### Assignment
Every line in the data below from the one containing "또한 김윤지는 딸을 어깨에" down to the one containing "This is a very", both included, must be retyped exactly; no other line is to appear.

[[ Information, beginning ]]

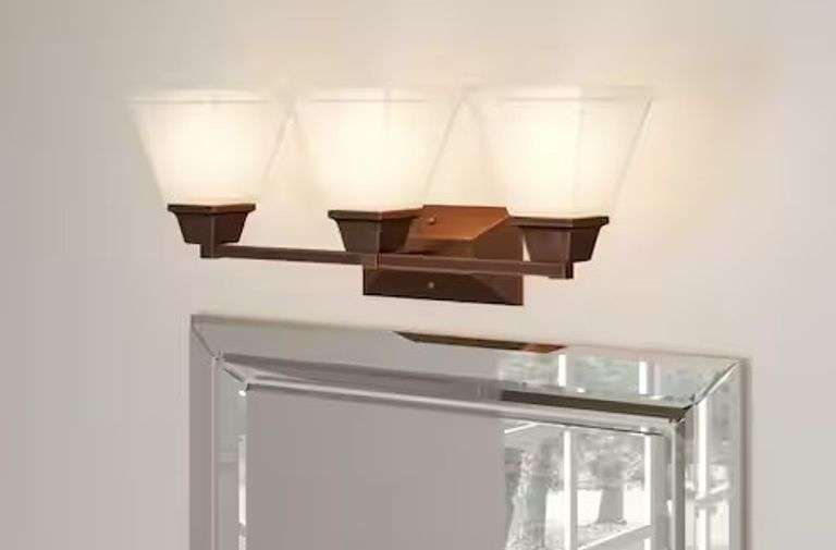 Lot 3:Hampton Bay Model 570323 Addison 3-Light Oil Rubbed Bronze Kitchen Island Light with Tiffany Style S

[[ Information, end ]]
[[ Information, beginning ]]

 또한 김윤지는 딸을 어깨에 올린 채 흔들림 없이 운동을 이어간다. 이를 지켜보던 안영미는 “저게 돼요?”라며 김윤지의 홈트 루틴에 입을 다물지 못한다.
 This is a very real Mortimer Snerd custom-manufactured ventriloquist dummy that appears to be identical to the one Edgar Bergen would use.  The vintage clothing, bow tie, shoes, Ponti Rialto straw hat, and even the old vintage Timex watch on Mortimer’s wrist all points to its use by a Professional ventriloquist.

[[ Information, end ]]

### Solution below
 또한 김윤지는 딸을 어깨에 올린 채 흔들림 없이 운동을 이어간다. 이를 지켜보던 안영미는 “저게 돼요?”라며 김윤지의 홈트 루틴에 입을 다물지 못한다.
 This is a very real Mortimer Snerd custom-manufactured ventriloquist dummy that appears to be identical to the one Edgar Bergen would use.  The vintage clothing, bow tie, shoes, Ponti Rialto straw hat, and even the old vintage Timex watch on Mortimer’s wrist all points to its use by a Professional ventriloquist.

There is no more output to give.